Administration’s Brief on ISIS War Shows Why AUMFs Must Be Clear

By Amy Morello

Last Monday the Obama Administration urged a federal judge to dismiss a lawsuit that alleges the war against the Islamic State in Iraq and Syria (ISIS) is illegal. Captain Nathan Michael Smith, an army intelligence officer stationed in Kuwait, filed the suit in May.

Smith argues that contrary to the administration’s claims, existing authorizations for the use of military force (AUMFs) do not provide it with sufficient congressional authority to target ISIS. Indeed, the two existing AUMFs, passed in 2001 (against al Qaeda and the Taliban) and 2002 (targeting the Saddam Hussein regime) have been stretched far beyond their intended purposes.
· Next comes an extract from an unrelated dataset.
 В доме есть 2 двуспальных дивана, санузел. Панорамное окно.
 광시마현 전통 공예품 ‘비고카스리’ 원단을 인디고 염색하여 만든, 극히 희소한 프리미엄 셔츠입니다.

Both commentators and members of Congress, including those who voted for the 2001 law, have continued to raise this issue.
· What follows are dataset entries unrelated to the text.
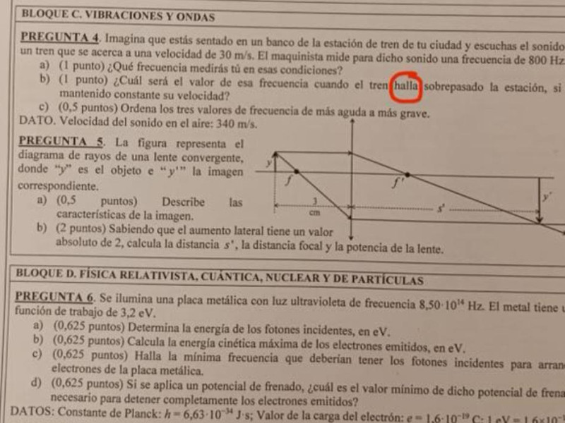 A esta queja se suma el desconcierto por un error ortográfico en el examen de Física, celebrado ese mismo martes, que contenía la expresión “cuando el tren halla sobrepasado”, usando incorrectamente el verbo hallar en lugar de haber.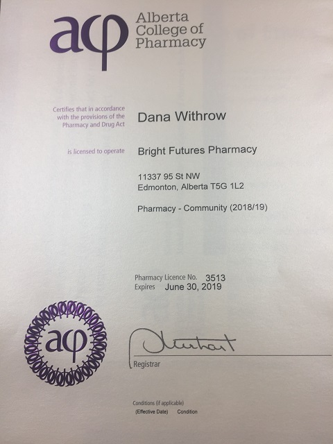 Dana Withrow Pharmacy License No. 3513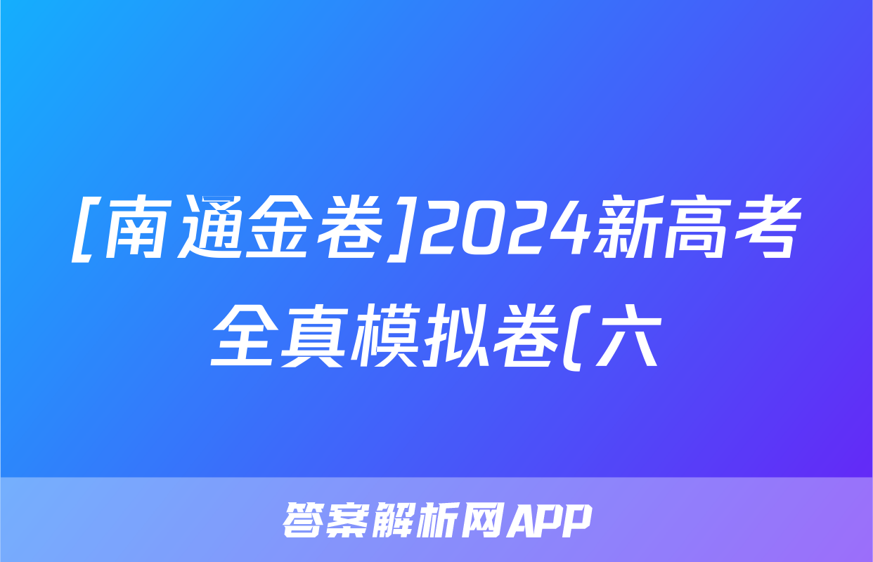 [南通金卷]2024新高考全真模拟卷(六)6化学试题正在持续更新,目前2024-2025衡中同卷答案网为大家整理了相关试题及答案,供大家查缺补漏,高效提升成绩。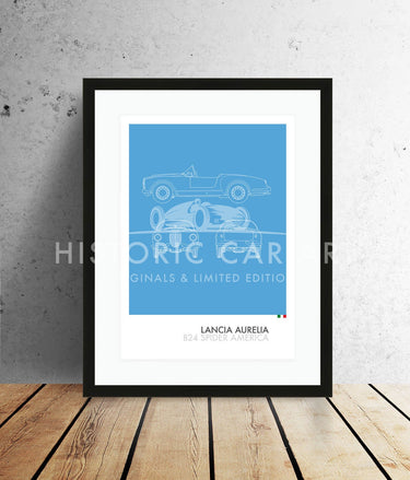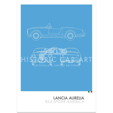 A lovely simple outline graphic poster of the 1955 Lancia Aurelia B24 Spider America. Artwork by technical illustrator William McElhinney.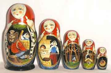 Sumber: russian-crafts.comKonon pada zaman dahulu di pedalaman Rusia tinggalah dua pasang suami istri renta bersama cucu kesayangan satu-satunya, seorang bocah perempuan bernama Masha. Suatu hari Masha pun pergi mencari jamur bersama teman-temannya ke hutan. Tetapi malang, ia terpisah dari teman-temannya. Si kecil Masha akhirnya menemukan sebuah pondok kayu. Di pondok itu tinggal seekor beruang merah yang besar yang melarangnya keluar rumah dan memaksanya mengurus segala keperluan rumah tangganya.Suatu hari ia meminta beruang mengantarkannya makanan ke kampung untuk kakek dan neneknya. Setelah kue itu sampai di rumah kedua kakek dan neneknya, ia berjanji kembali ke pondok hutan. “Hutan ini berbahaya. Lebih baik aku yang mengantarkan makanan ke rumahmu,” kata beruang. Justru itulah yang diinginkan Masha. Ia menyiapkan sebuah keranjang besar dan mengisinya dengan kue buatannya yang lezat dan buah berangan. “Jangan pernah memakan kue dan buah berangan selama di perjalanan. Saat kau pergi, aku akan memanjat pohon yang tinggi sekali dan mengawasimu dari kejauhan,” pesannya. Beruang setuju. Tetapi saat beruang akan pergi, diam-diam Masha masuk ke dalam keranjang dan menutupi dirinya dengan kue dan buah berangan.Begitu sampai di depan rumah kakek dan nenek, beruang meletakkan keranjang besar itu di depan pintu dan mulai mengetuk pintu. Tetapi anjing piaraan mereka mengejarnya, hingga beruang lari ketakutan ke dalam hutan, meninggalkan keranjang. Saat akhirnya kakek dan nenek Masha keluar, mereka menemukan cucunya keluar dari dalam keranjang dengan selamat.

Smith contends that his standing to bring the suit arises via his oath to uphold the Constitution, which he claims he is violating by “provid[ing] support for an illegal war.” As Smith writes, “To honor my oath, I am asking the court to tell the President that he must get proper authority from Congress, under the War Powers Resolution, to wage war against ISIS in Iraq and Syria.”
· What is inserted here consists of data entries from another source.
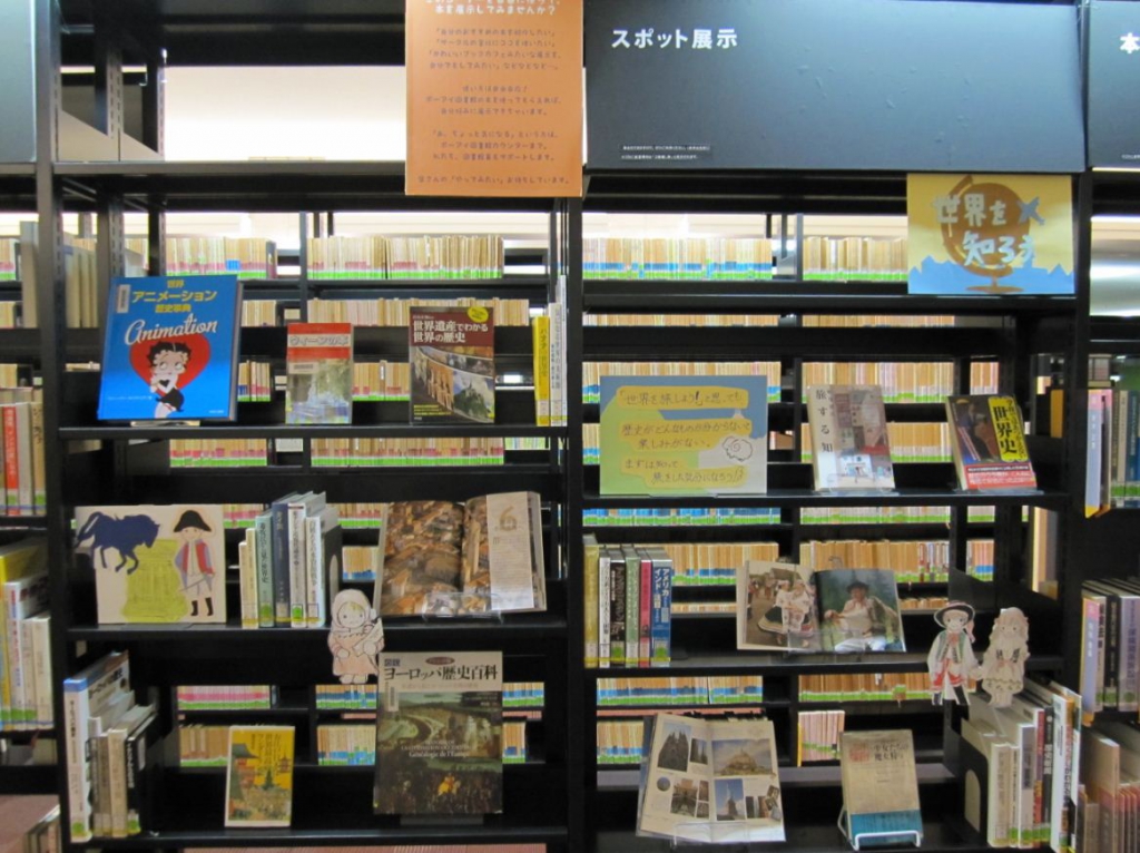 ポーアイ図書館の学生ボランティア2名(薬学部1年素川 陽加さんと谷口 彩華さん)が、2階スポット展示コーナーに、「世界を知ろう」と題して、世界の歴史本を展示しています。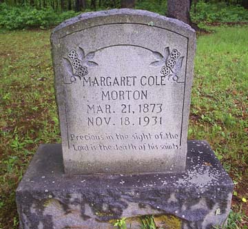![]() MARGARET COLE MORTON MAR. 21, 1873 NOV. 18, 1931 Precious in the sight of the Lord is the death of his saints |
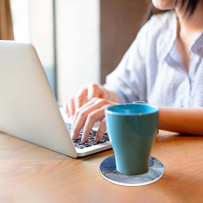 Blue Marble Fluid Set of 6 Coasters for Drinks Absorbing Round Ceramic Stone Coaster with Cork Base,Tabletop Protection Mat for Mugs and Cups,Office,Kitchen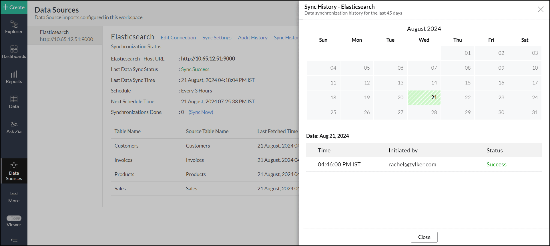 Analytics Plus provides a detailed record of all actions performed with respect to data synchronization from various sources. The history captures the type of action performed along with the timestamp and information about the administrator who performed it.

In its 45-page reply brief, the administration provides perhaps the “most extensive public explanation” to date of the United States’ domestic legal basis for using force against ISIS.

While acknowledging that no AUMF specifically tailored to the ISIS war has been passed, the brief reiterates the administration’s claim that the 2001 and 2002 AUMFs give the president authority to take military action against ISIS. It argues that “the president has determined that he has the authority to take military action” against ISIS, and that “Congress has ratified that determination by appropriating billions of dollars in support of the military operation.”

The brief also points to the National Defense Authorization Act, an annual law which the administration says contains provisions in support of the war, President Obama’s letters to Congress every six months on the progress of the war “consistent with the War Powers Resolution,” other reporting requirements Congress has imposed, and the hearings Congress has held on the war.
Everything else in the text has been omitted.